### The data
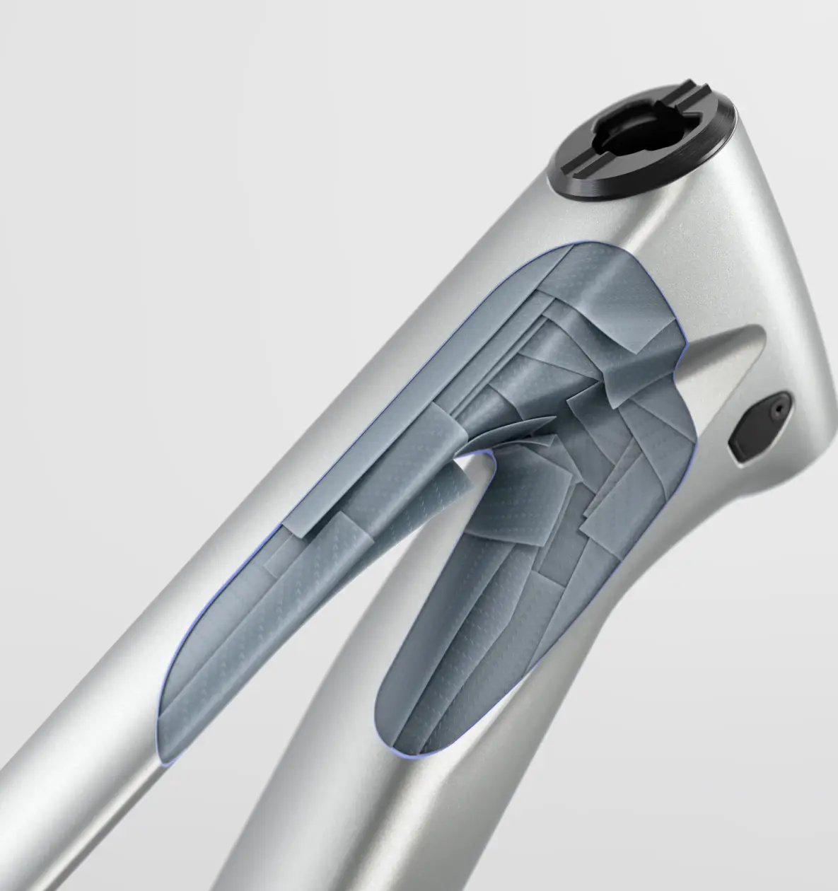カーボンの織り方を選ぶことで、強度を損なうことなくフレームのしなやかさ調整して、理想的な前後三角の剛性を実現しました。その結果、荒れたオフキャンバー路面でもグリップと安心感が向上し、肝心な場面で貴重な数秒を節約できます。
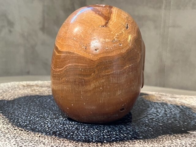 Deze Versteend Hout Schedel is dus werkelijk Oeroud Uniek in haar soort. Zij bevat een groot deel van de bestaansgeschiedenis van Moeder Aarde in haar genenbank!
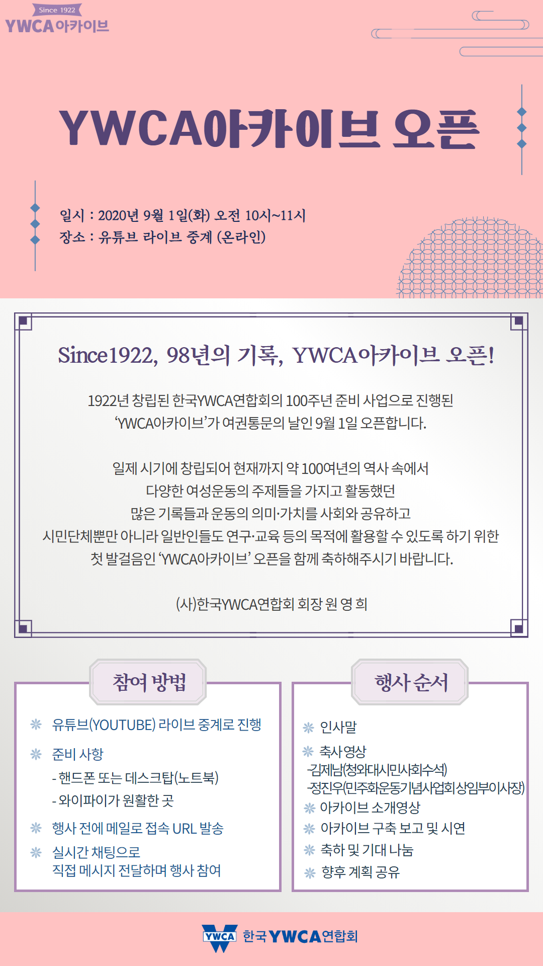 YWCA 아카이브 오픈식 초대의 글
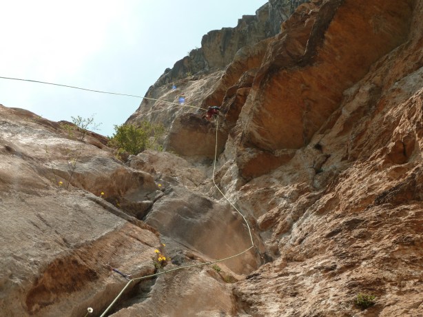L5 : 5+, 50m. Ne pas monter droit au dessus du relais (plaquettes grises) mais descendre un peu (2m, arbuste) pour rejoindre la dalle à gauche et ensuite passer le pilier pour rejoindre le relais dans le dièdre.
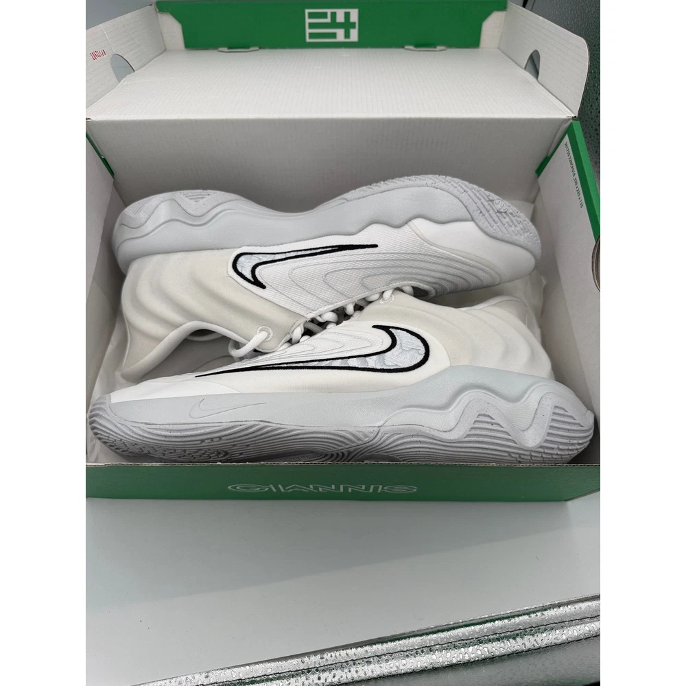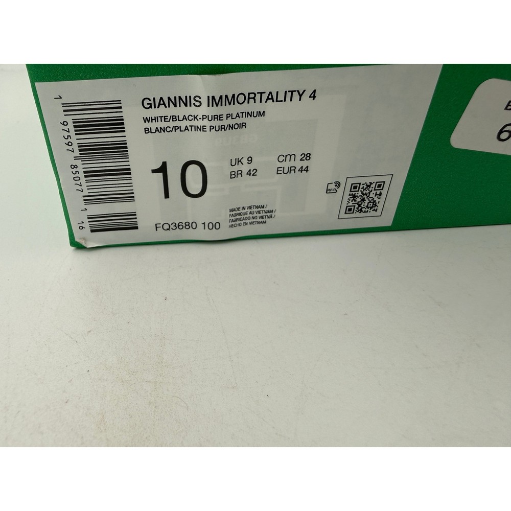 Giannis Antetokounmpo signature basketball shoes offer a sleek, low-profile design engineered for speed and agility on the court. The upper features a breathable mesh construction with wavy synthetic overlays and a padded collar for a secure fit. A large embroidered Swoosh adds a bold visual element, while the multidirectional traction pattern on the outsole provides exceptional grip for quick cuts and transitions. Brand: Nike Model: Giannis Immortality 4 Style Code: FQ3680-100 Colorway: White/Black-Pure Platinum Gender: Mens Size: 10 Closure: Lace Up Upper Material: Synthetic/Mesh Type: Athletic Performance: Basketball Arch Support: Standard Toe Shape: Round Toe Outsole: Rubber Keywords: Greek Freak, Hoops, Court, Sportswear, Active, Training, Gym, Low Top, Athleisure, Minimalist, Neutral, Performance Sneaker If you have any additional questions, please don't hesitate to contact me direclty.
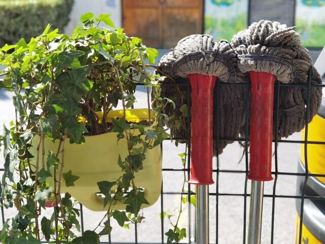 我对旁边扫地的李姐说:“李姐,是不是物业不同意给你买清洁工具?怎么还要捡旧的拖把用呢?”
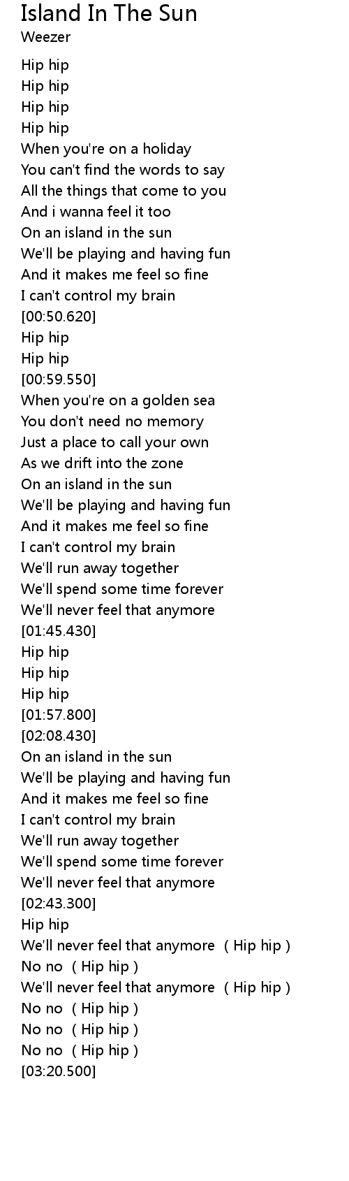 | [03:03.650] | We' ll never feel that anymore Hip hip |
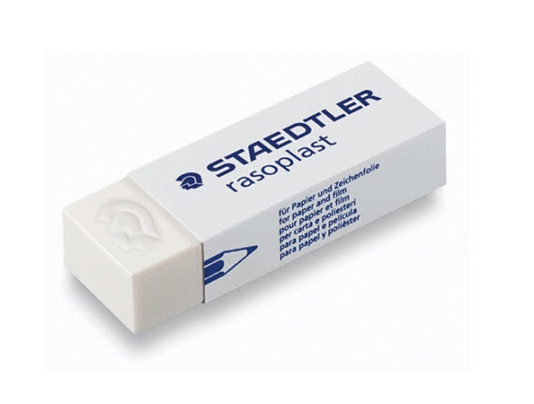 Gumka do mazania serii Rasoplast firmy Staedtler. Oferuje wysoką wydajność wymazywania, przy zachowaniu dbałości o powierzchnię papieru. Pozostawia minimalną ilość resztek, a papierowa, laminowana otoczka zapewnia płynną regulację wysunięcia gumki oraz wygodny uchwyt.

### Problem details
An exact copy of all entries is needed, with no pictures in it.

### Response to the exercise
カーボンの織り方を選ぶことで、強度を損なうことなくフレームのしなやかさ調整して、理想的な前後三角の剛性を実現しました。その結果、荒れたオフキャンバー路面でもグリップと安心感が向上し、肝心な場面で貴重な数秒を節約できます。
 Deze Versteend Hout Schedel is dus werkelijk Oeroud Uniek in haar soort. Zij bevat een groot deel van de bestaansgeschiedenis van Moeder Aarde in haar genenbank!
 YWCA 아카이브 오픈식 초대의 글
L5 : 5+, 50m. Ne pas monter droit au dessus du relais (plaquettes grises) mais descendre un peu (2m, arbuste) pour rejoindre la dalle à gauche et ensuite passer le pilier pour rejoindre le relais dans le dièdre.
 Giannis Antetokounmpo signature basketball shoes offer a sleek, low-profile design engineered for speed and agility on the court. The upper features a breathable mesh construction with wavy synthetic overlays and a padded collar for a secure fit. A large embroidered Swoosh adds a bold visual element, while the multidirectional traction pattern on the outsole provides exceptional grip for quick cuts and transitions. Brand: Nike Model: Giannis Immortality 4 Style Code: FQ3680-100 Colorway: White/Black-Pure Platinum Gender: Mens Size: 10 Closure: Lace Up Upper Material: Synthetic/Mesh Type: Athletic Performance: Basketball Arch Support: Standard Toe Shape: Round Toe Outsole: Rubber Keywords: Greek Freak, Hoops, Court, Sportswear, Active, Training, Gym, Low Top, Athleisure, Minimalist, Neutral, Performance Sneaker If you have any additional questions, please don't hesitate to contact me direclty.
 我对旁边扫地的李姐说:“李姐,是不是物业不同意给你买清洁工具?怎么还要捡旧的拖把用呢?”
 | [03:03.650] | We' ll never feel that anymore Hip hip |
 Gumka do mazania serii Rasoplast firmy Staedtler. Oferuje wysoką wydajność wymazywania, przy zachowaniu dbałości o powierzchnię papieru. Pozostawia minimalną ilość resztek, a papierowa, laminowana otoczka zapewnia płynną regulację wysunięcia gumki oraz wygodny uchwyt.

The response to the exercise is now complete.